### What is needed
Print, exactly as they stand, the lines below from the one that has "Visit Proof |" to the one that has "Ruddy shelduck are", inclusive, leaving out the pictures.
── Excerpted data ──
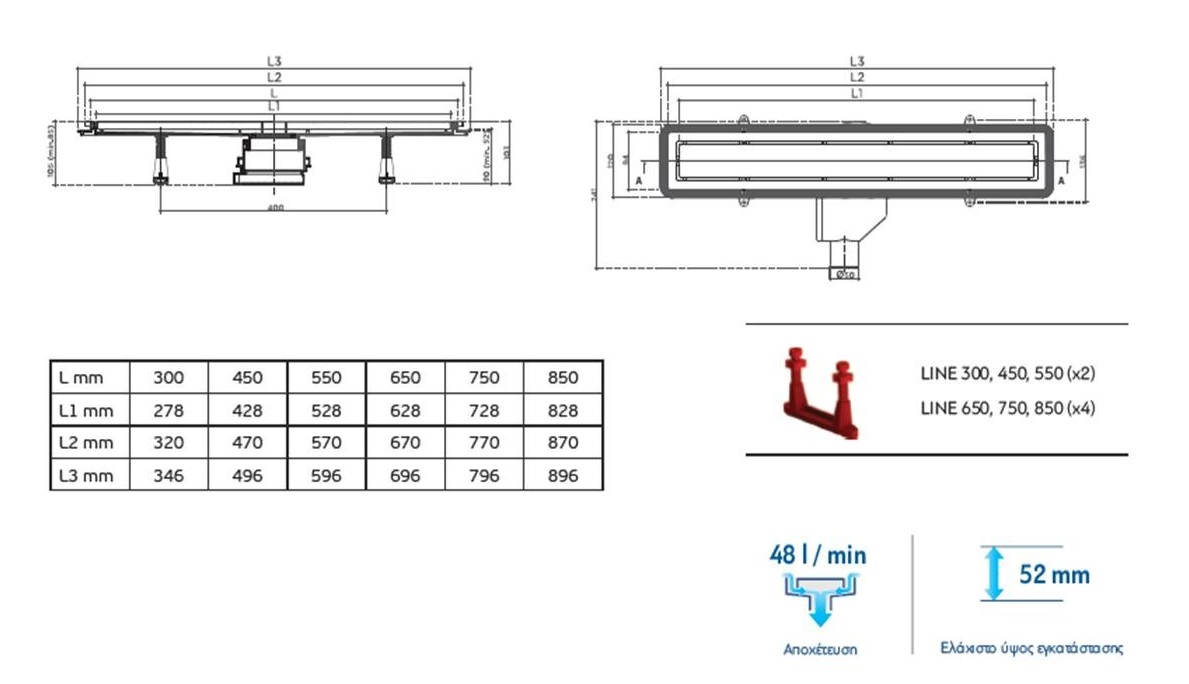 Σιφόνι δαπέδου ευθύγραμμο, χαμηλού προφίλ που καταλαμβάνει τον ελάχιστα δυνατό χώρο κάτω από το δάπεδο.
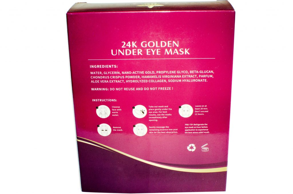 - 24K Gold Plant based Collagen Eye Mask with Pure Nano-Active Gold is a luxury anti-oxidant having anti-inflammatory properties which helps eliminate harmful toxins and accelerates blood circulation.
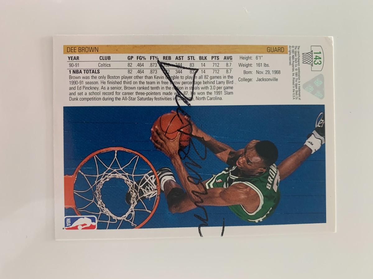 Dee Brown signed basketball card. Upper Deck 1992. 2x3 inches
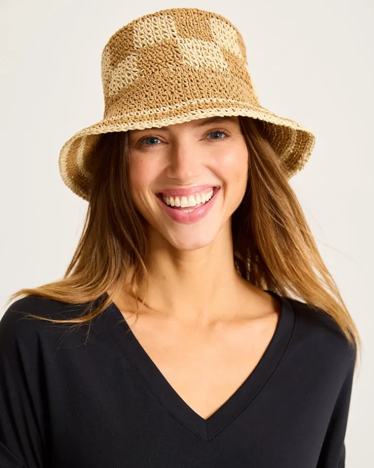 Add flair to your getaway style with this trendy, checkered bucket hat that’s thoughtfully designed for easy packability.
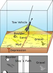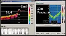 Another approach comes from greater signal processing of existing military sensors.[12] The US Naval Research Laboratory demonstrated both seafloor characterization, as well as subsurface characteristics of the seafloor. Sensors used, in different demonstrations, included normal incidence beams from the AM/UQN-4 surface ship depth finder, and AN/BQN-17 submarine fathometer; backscatter from the Kongsberg EM-121 commercial multibeam sonar; AN/UQN-4 fathometers on mine countermeasures (MCM) ships, and the AN/AQS-20 mine-hunting system. These produced the "Bottom and Subsurface Characterization" graphic.
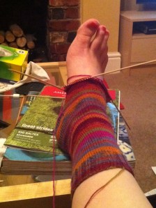 It’s that time of year again when we all look back, reflect on the previous twelve months, feel slightly inadequate and make all sorts of rash promises for the New Year. Going back to my first post of Janathon 2011, I had been a bit of a slacker on the running front and mostly reflected on my knitting goals for 2010. Most of these have been on a rolling programme since 2009. The beautiful but barely started throw remains beautiful, but barely started, my wool stash has grown and remains chaotic, the felted bag hasn’t been knitted, let alone felted…. I have however, finally, started to knit a sock.
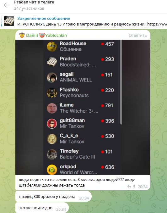 >>25083231 Действительно, как может у чела в 7 утра подрубки не быть 2000 зрителей. Вон Оляшу стабильно 1000 шейхов из Дубая смотрит в любое время, а в чате не пишут ибо языка не знают.
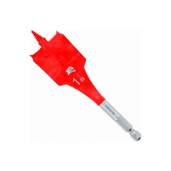 Diablo, 118 x 4 Speed Demon spade bit Diablo's Speed Demon spade bit range provides one of the fastest, most effortless hole drilling solutions on the market for fast, clean wood The highperformance speedtip design selffeeds for faster hole making when compared to traditional spade bits An optimized curved paddle design enhances the chip evacuation process for more holes per charge This range is impact strong for increased shank stability and durability in cordless and corded impact and drill drivers
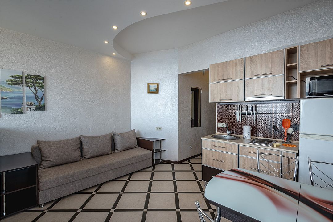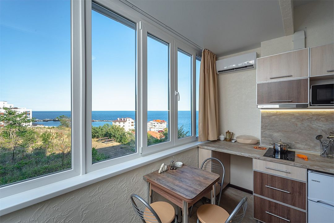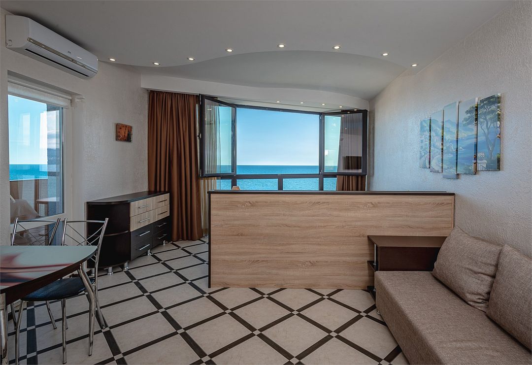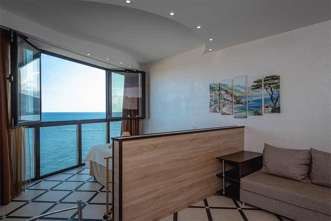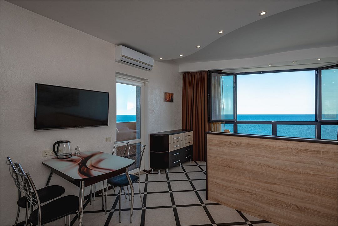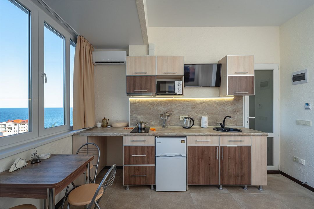 Wi-Fi, кондиционер, фен, электронные замки, плита для приготовления пищи, микроволновая печь, утюг, водонагреватель, банные полотенца, пляжные полотенца, лоджия, гладильная доска, тумбы, вешалки, журнальный столик, комод, пуфики, чайный набор, набор посуды, сейф, чайник, унитаз, раковина, душ, плиточное покрытие, высокие потолки, кухонная посуда, стаканы, кухонная утварь, столовые приборы, сплит-система, сушилка для белья, диван-кровать, раскладной диван, телевизор с плоским экраном, мини-холодильник, мини-кухня, частичный вид на мореВ гостиничном номере
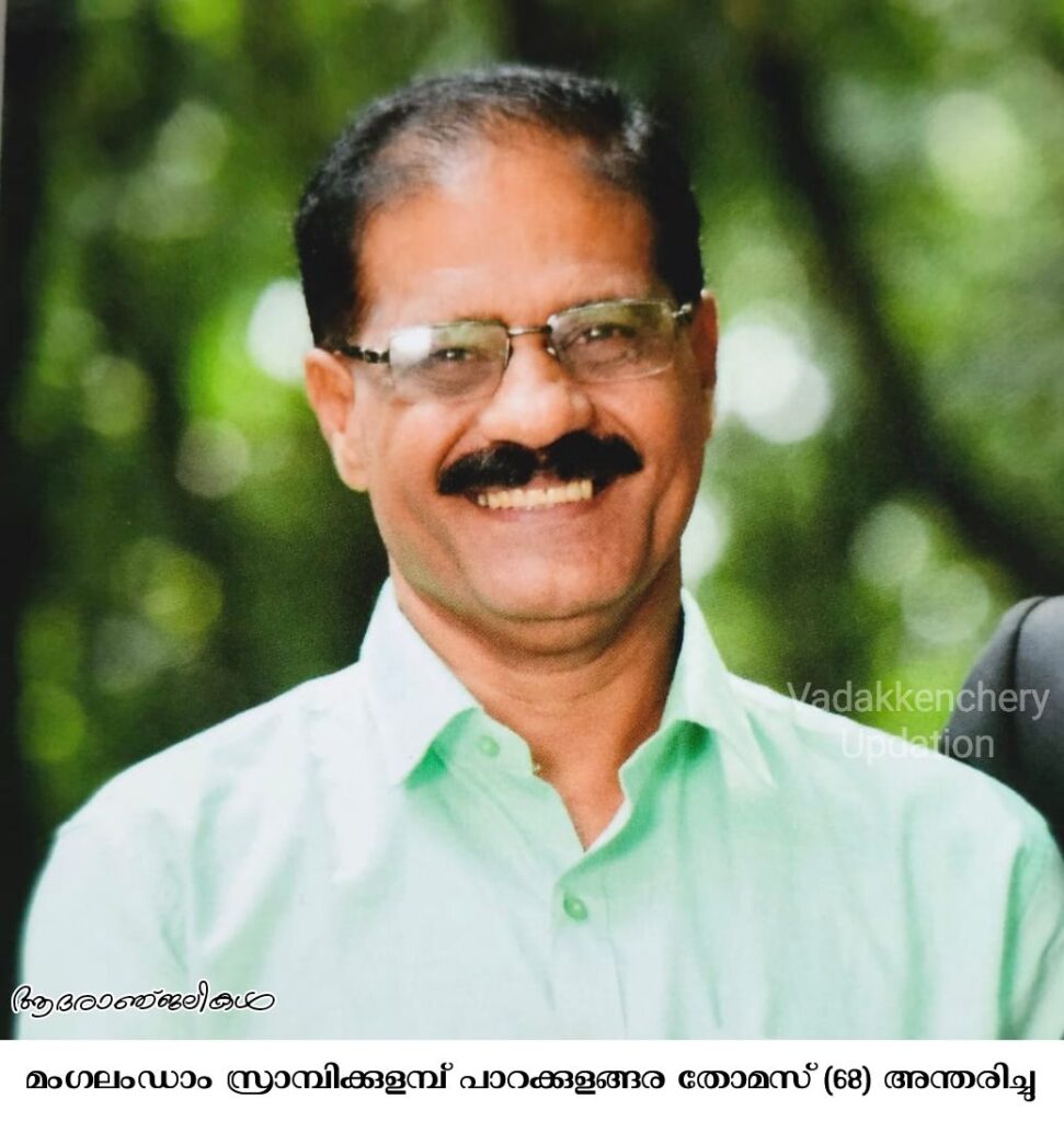മംഗലംഡാം സ്രാമ്പിക്കുളമ്പ് പാറക്കുളങ്ങര തോമസ് (68) അന്തരിച്ചു. സംസ്ക്കാരം ഇന്ന് ( 25.03.2024 തിങ്കളാഴ്ച ) 3 മണിക്ക് മംഗലംഡാം സെൻ്റ് സേവ്യേഴ്സ് ഫൊറോന പള്ളിയിൽ
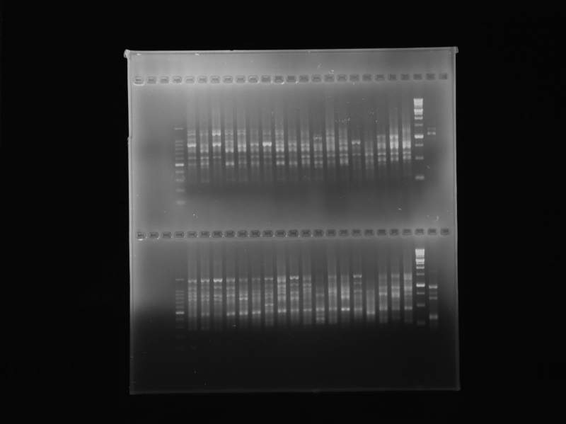 对,是做的植物的ISSR亲缘关系,图是为了以后聚类用的,现在重新灭菌水呢,希望不是试剂污染了,否则耽误时间。
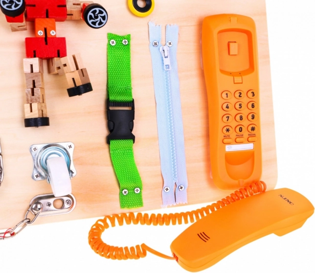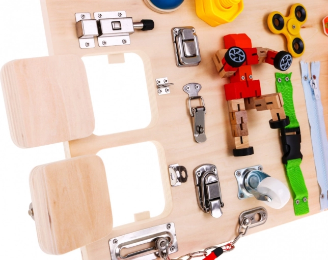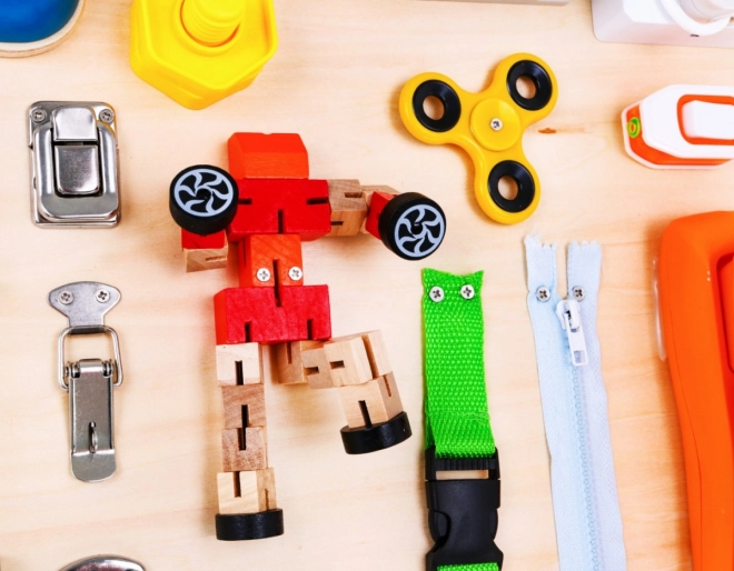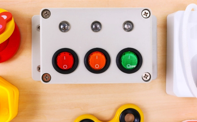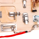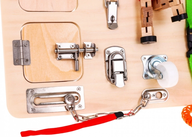 Die Tafel enthält eine Vielzahl interaktiver Elemente wie Schlösser, Schalter und Rückstellmechanismen, die die Verbesserung der Feinmotorik und das Lernen von kausalen Beziehungen unterstützen.
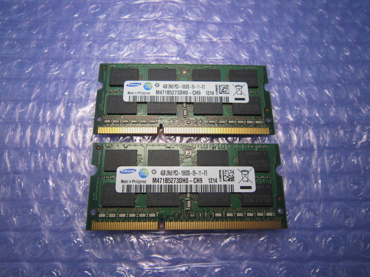 > SAMSUNG ノートパソコン用メモリ 4GB × 2枚(計 8GB) PC3-10600S DDR3-1333 1214 動作確認済 動作保証
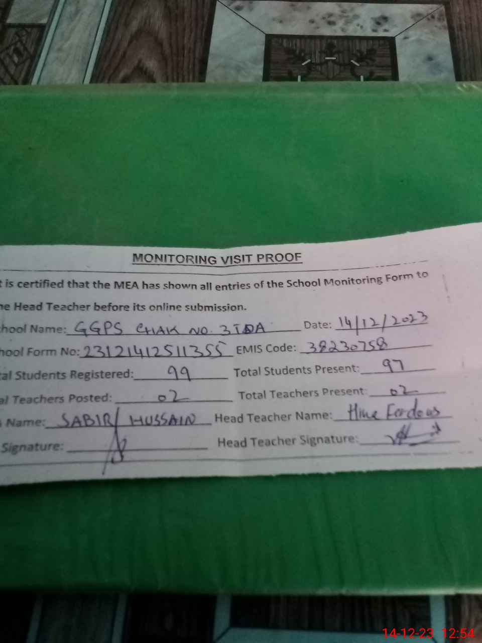 | Attendance Register | Head Teacher | MEA with School | Visit Proof |
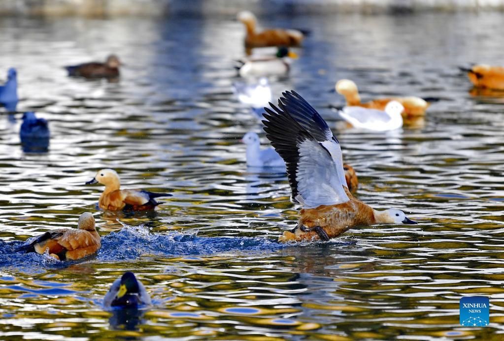 Ruddy shelduck are seen at Longwangtan park in Lhasa, southwest China's Tibet Autonomous Region, Nov. 17, 2021. (Xinhua/Zhang Rufeng)
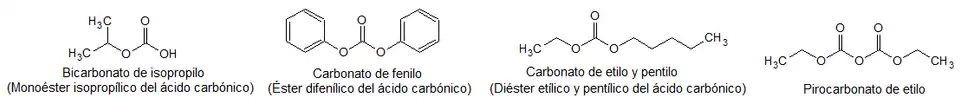 - Carbonatos de alquilo: Se nombran por nomenclatura radicofuncional. Dado que el ácido carbónico es un diácido, puede haber derivados de mono o di disustitución simétricos o asimétricos.
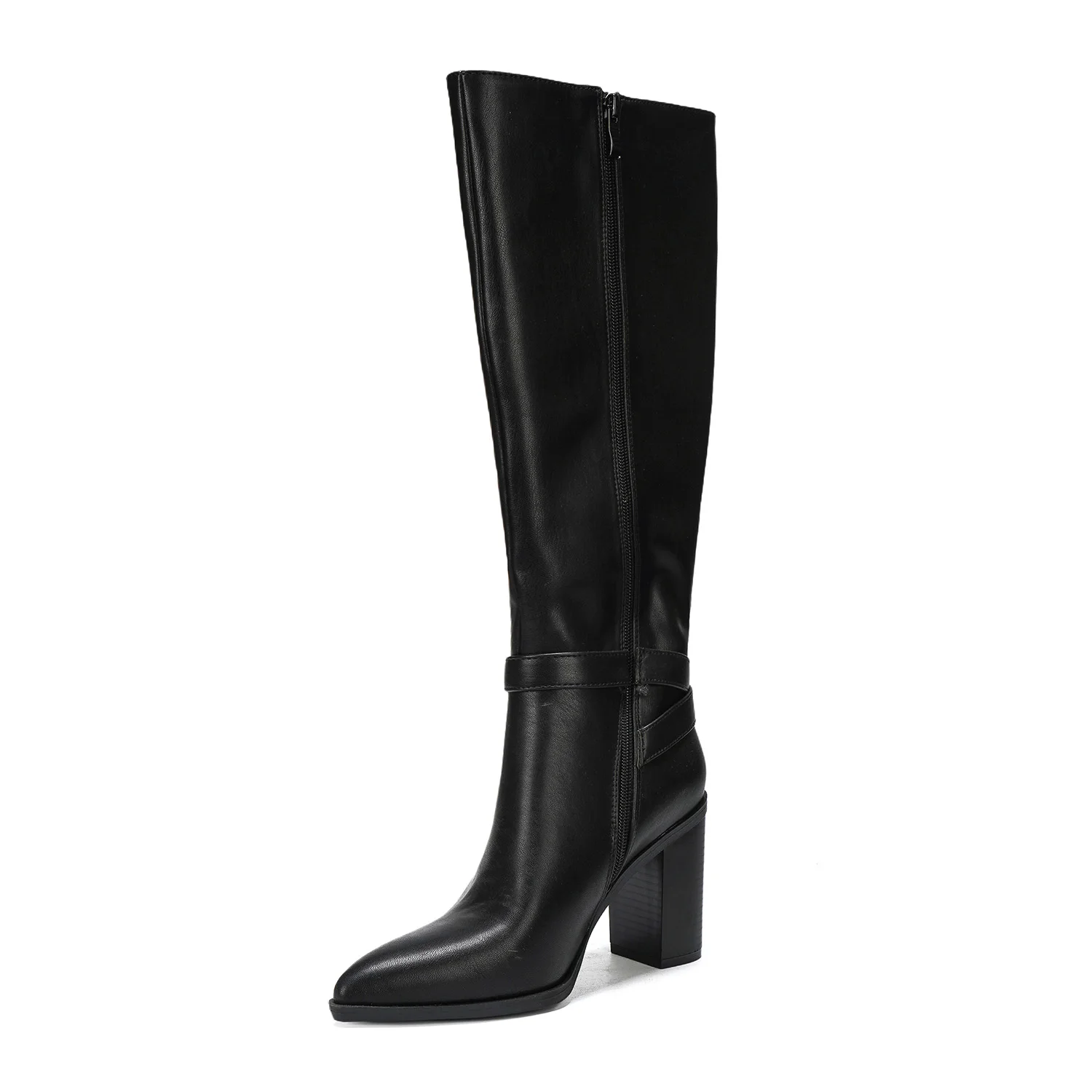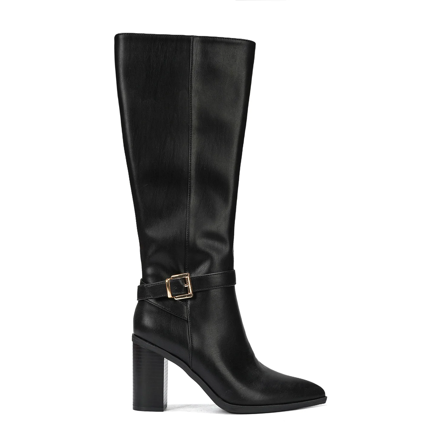 Women's Winter Knee-High Leather Boots with Solid Pattern Block-Heel & Buckle Accent Comfortable Trendy Party & Evening Footwear
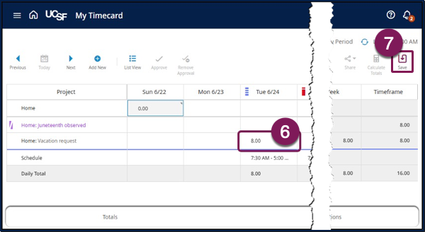 A new row is added to the timecard for each Paycode you selected. On the new row(s), locate and click the day of the week of your time off and enter the number of hours you used. Repeat steps 3-6 if you need to add additional Paycodes for the pay period.
───
### Task answer
 | Attendance Register | Head Teacher | MEA with School | Visit Proof |
 Ruddy shelduck are seen at Longwangtan park in Lhasa, southwest China's Tibet Autonomous Region, Nov. 17, 2021. (Xinhua/Zhang Rufeng)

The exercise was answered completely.